I would do something like this:
;WITH x
AS (SELECT *,
Row_number()
OVER(
partition BY employeeid
ORDER BY datestart) rn
FROM employeehistory)
SELECT *
FROM x x1
LEFT OUTER JOIN x x2
ON x1.rn = x2.rn + 1
Or maybe it would be x2.rn - 1. You'll have to see. In any case, you get the idea. Once you have the table joined on itself, you can filter, group, sort, etc. to get what you need.

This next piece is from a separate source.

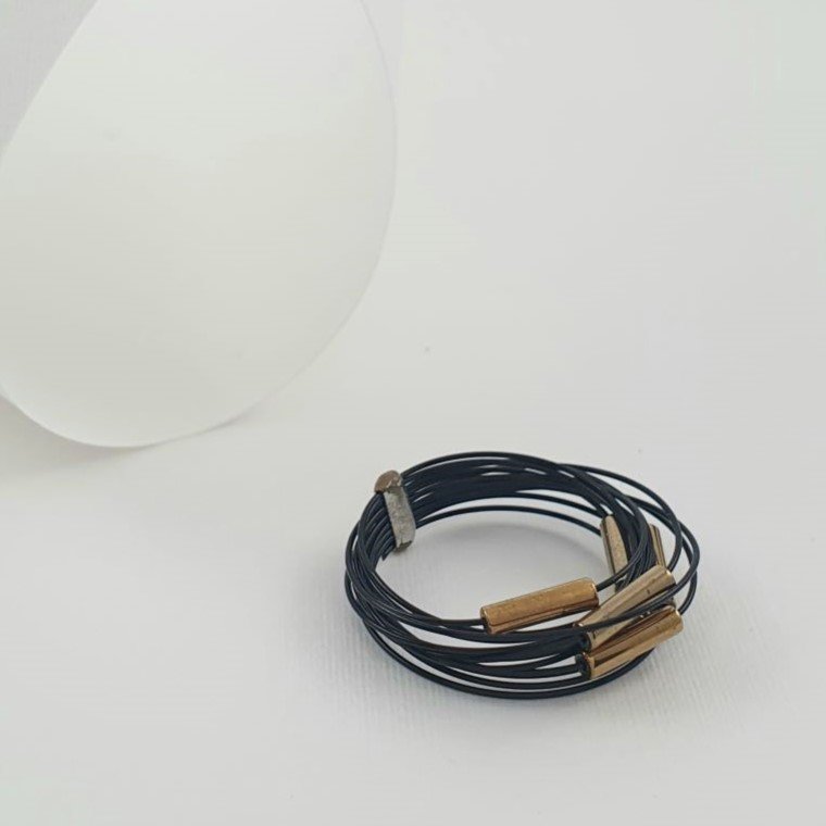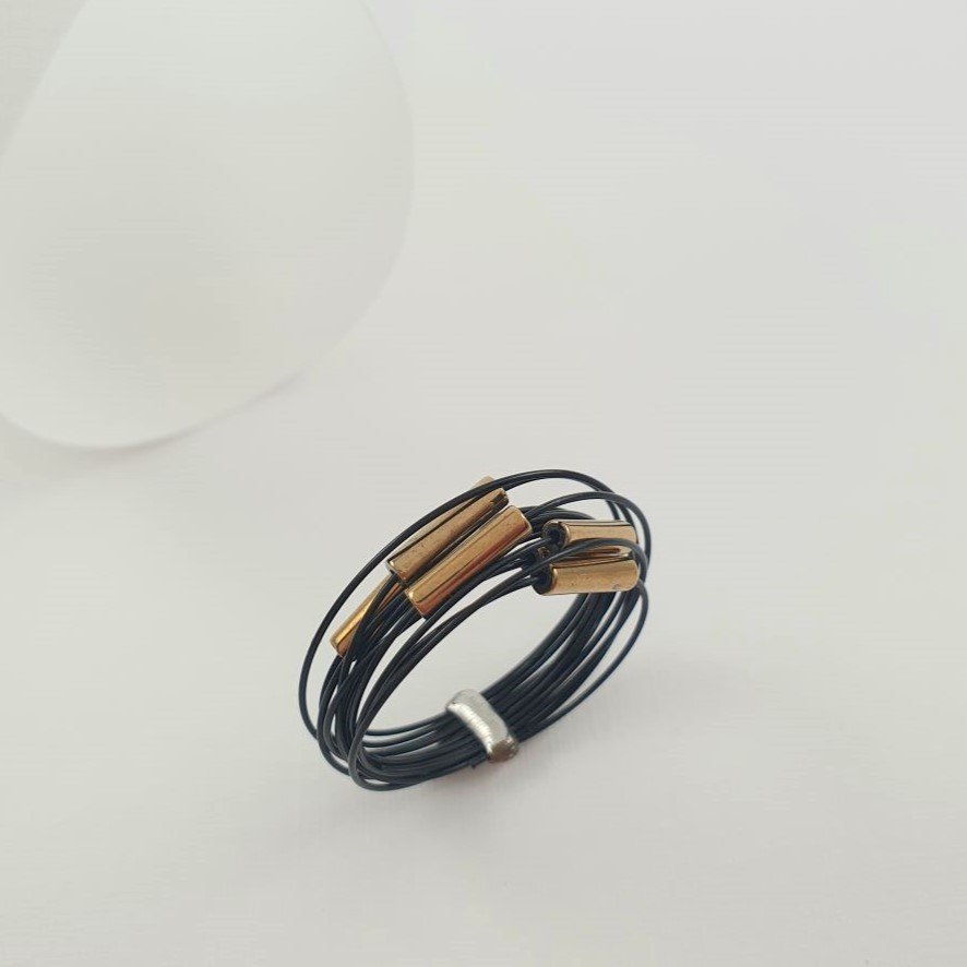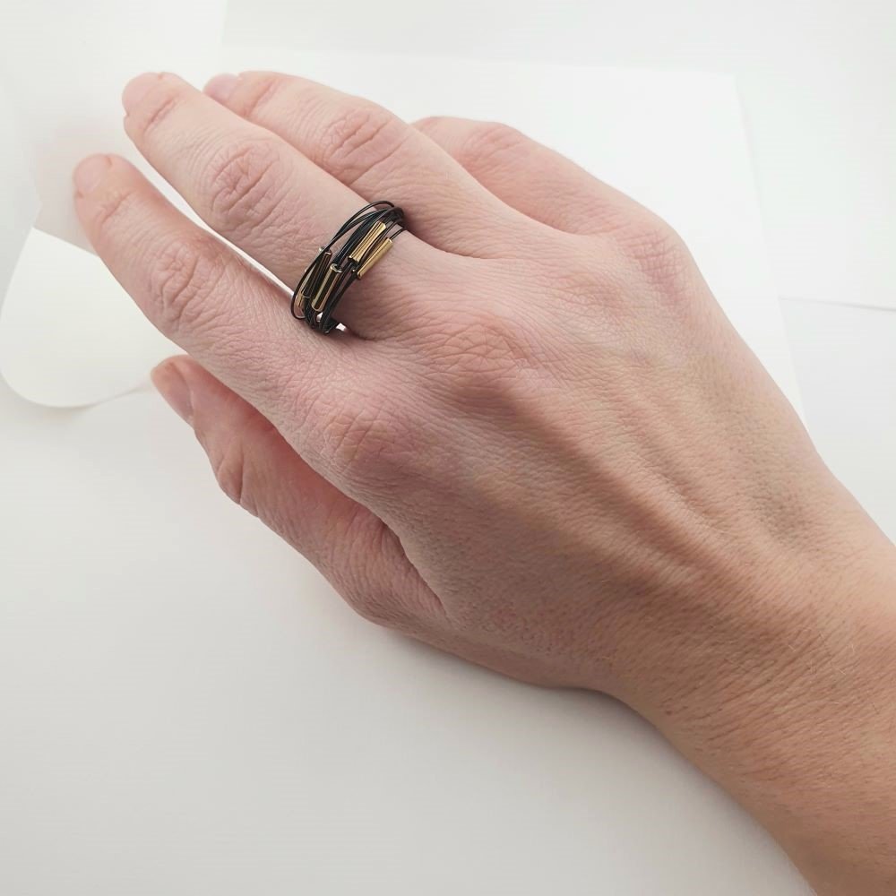 Δαχτυλίδι από μαύρο ατσάλι και χρυσά στοιχεία από Αιματίτη

A bit involved. Easiest would be to refer to this SQL Fiddle I created for you that produces the exact result. There are ways you can improve it for performance or other considerations, but this should hopefully at least be clearer than some alternatives.
The gist is, you get a canonical ranking of your data first, then use that to segment the data into groups, then find an end date for each group, then eliminate any intermediate rows. ROW_NUMBER() and CROSS APPLY help a lot in doing it readably.
EDIT 2019:
The SQL Fiddle does in fact seem to be broken, for some reason, but it appears to be a problem on the SQL Fiddle site. Here's a complete version, tested just now on SQL Server 2016:
CREATE TABLE Source
(
EmployeeID int,
DateStarted date,
DepartmentID int
)
INSERT INTO Source
VALUES
(10001,'2013-01-01',001),
(10001,'2013-09-09',001),
(10001,'2013-12-01',002),
(10001,'2014-05-01',002),
(10001,'2014-10-01',001),
(10001,'2014-12-01',001)
SELECT *,
ROW_NUMBER() OVER (PARTITION BY EmployeeID ORDER BY DateStarted) AS EntryRank,
newid() as GroupKey,
CAST(NULL AS date) AS EndDate
INTO #RankedData
FROM Source
;
UPDATE #RankedData
SET GroupKey = beginDate.GroupKey
FROM #RankedData sup
CROSS APPLY
(
SELECT TOP 1 GroupKey
FROM #RankedData sub
WHERE sub.EmployeeID = sup.EmployeeID AND
sub.DepartmentID = sup.DepartmentID AND
NOT EXISTS
(
SELECT *
FROM #RankedData bot
WHERE bot.EmployeeID = sup.EmployeeID AND
bot.EntryRank BETWEEN sub.EntryRank AND sup.EntryRank AND
bot.DepartmentID <> sup.DepartmentID
)
ORDER BY DateStarted ASC
) beginDate (GroupKey);
UPDATE #RankedData
SET EndDate = nextGroup.DateStarted
FROM #RankedData sup
CROSS APPLY
(
SELECT TOP 1 DateStarted
FROM #RankedData sub
WHERE sub.EmployeeID = sup.EmployeeID AND
sub.DepartmentID <> sup.DepartmentID AND
sub.EntryRank > sup.EntryRank
ORDER BY EntryRank ASC
) nextGroup (DateStarted);
SELECT * FROM
(
SELECT *, ROW_NUMBER() OVER (PARTITION BY GroupKey ORDER BY EntryRank ASC) AS GroupRank FROM #RankedData
) FinalRanking
WHERE GroupRank = 1
ORDER BY EntryRank;
DROP TABLE #RankedData
DROP TABLE Source

It looks like a common gaps-and-islands problem. The difference between two sequences of row numbers rn1 and rn2 give the "group" number.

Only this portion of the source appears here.